Cervia-Hasler envisions these shifts in complement activation as potential signatures of long Covid in blood samples, paving the way for a diagnostic breakthrough. Such a test would not only assess complement activation but also consider age, body mass index, and indicators of abnormal blood clotting coupled with inflammation. The primary objective is to provide tangible evidence for patients who often face the stigma of being labeled as psychiatric cases or receive misguided treatment due to the subjective nature of their reported symptoms. Cervia-Hasler emphasizes the urgency, especially in an environment where Covid tests are on the decline, making accurate diagnoses even more challenging.
Looking ahead, Cervia-Hasler emphasizes the need for more extensive and rigorous trials to delve deeper into their findings. The focus is on extended observation periods post-initial Covid-19 infection, aiming to comprehend how the dynamics may evolve over time. Acknowledging the diversity among Covid patients, he underscores the importance of nuanced investigations to tailor understanding to individual cases.
Maintaining a cautious stance, Roan from Gladstone Institute stresses the pivotal role of determining whether dysregulated complement is a true cause of long Covid, a potential therapeutic target.

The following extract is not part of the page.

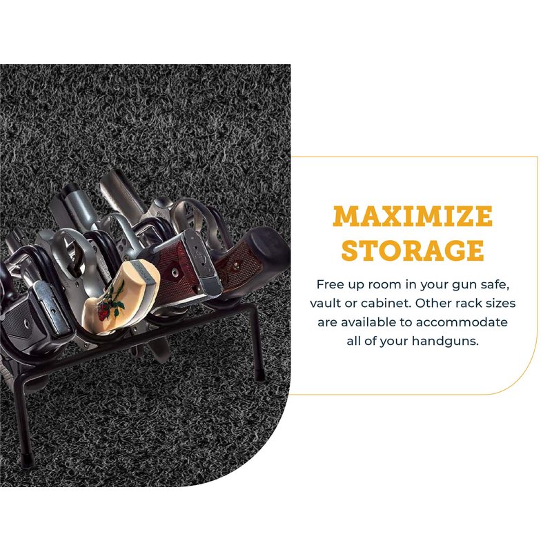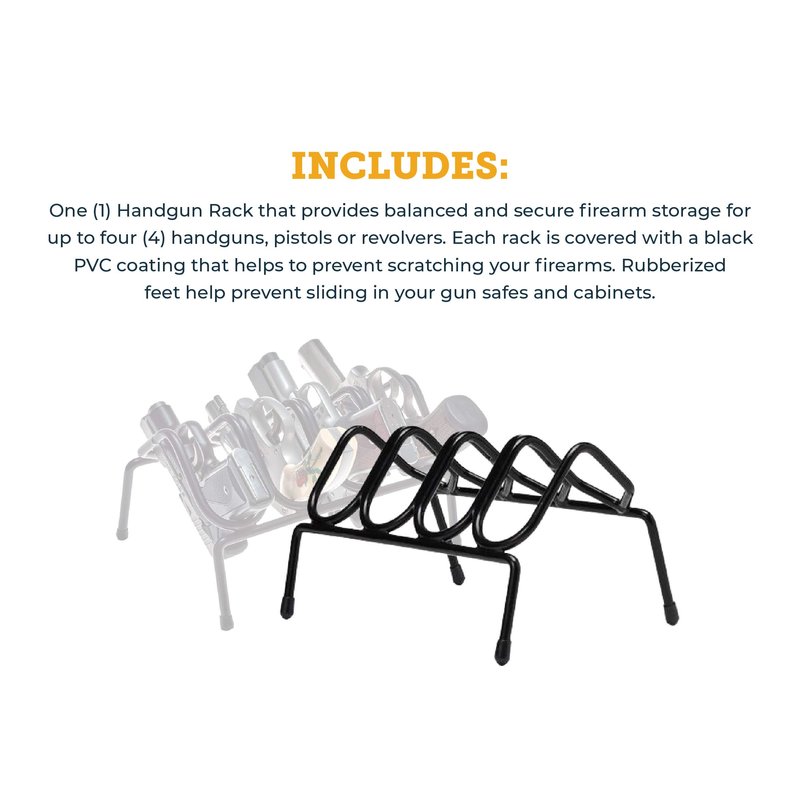 - Heavy Duty – This sturdy handgun rack has a PVC coating which prevents scratching or damage to your handguns. Featuring 4 rubberized feet, it won't slip or slide in your gun safe or on a workbench

However, she also highlights the necessity for larger cohorts to validate the utility of complement dysregulation as a biomarker, considering the varied nature of the condition.

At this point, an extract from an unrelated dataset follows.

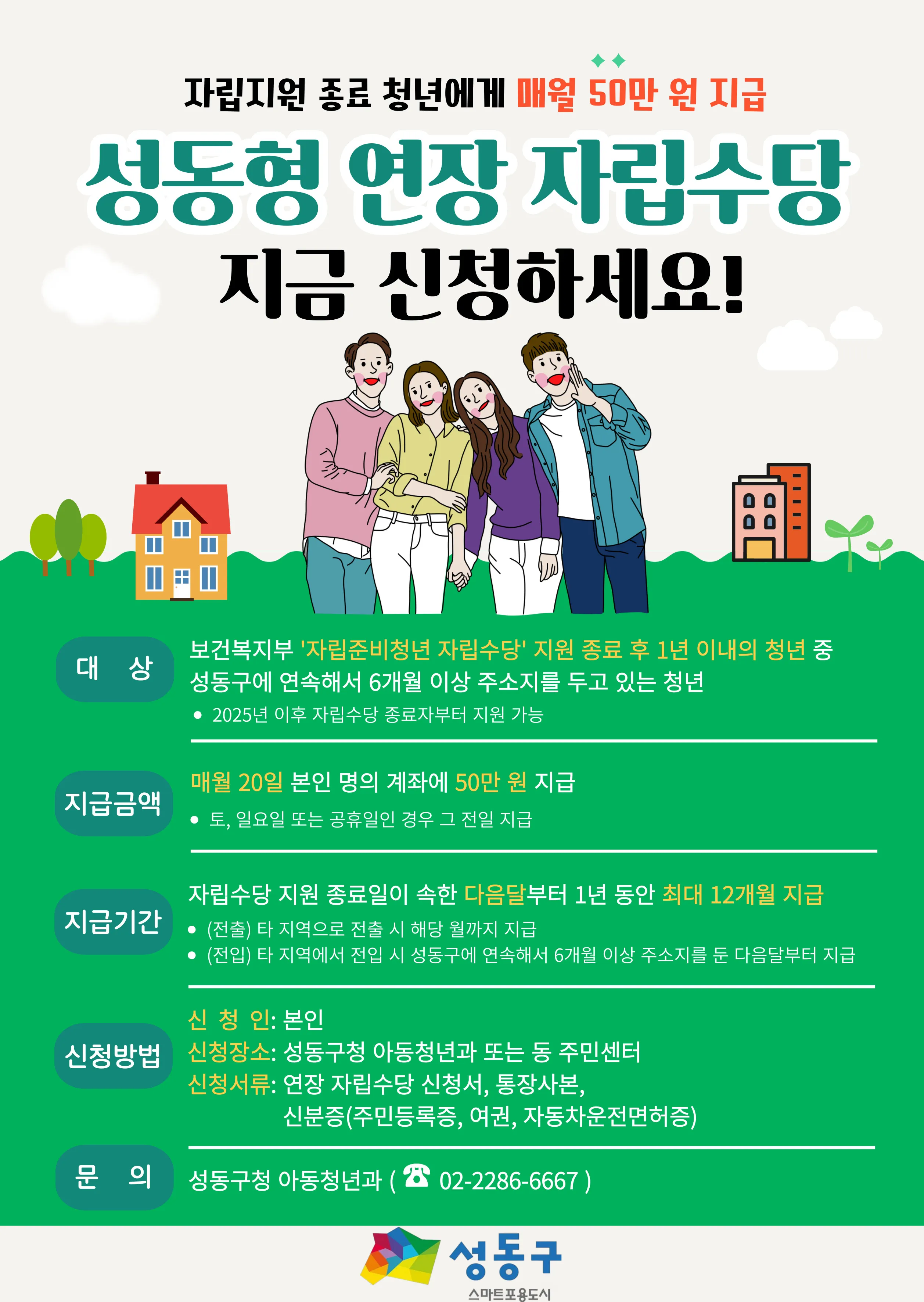 2025년에 정부 자립수당 지원이 종료되는 청년을 시작으로 순차적인 지원을 이어갈 방침으로, 지원사업 신청은 신분증과 통장사본을 지참해 성동구청 아동청년과 또는 동 주민센터에 신청서를 제출하면 된다.

Wolfram Ruf, from Johannes Gutenberg University in Mainz, Germany, leans towards the prospect of a diagnostic tool rather than an immediate treatment. While acknowledging mixed results from therapeutic interventions in acute Covid-19, Ruf sees potential for clinical testing based on the specific pathological features associated with long Covid.
Cervia-Hasler expresses hope that other research groups will explore overlooked pathways, fostering a collaborative effort towards diagnostic tools or therapeutic solutions. The collective goal is to steer the field towards tangible outcomes that can aid in early diagnosis and effective interventions for long Covid, offering hope to those grappling with this perplexing condition.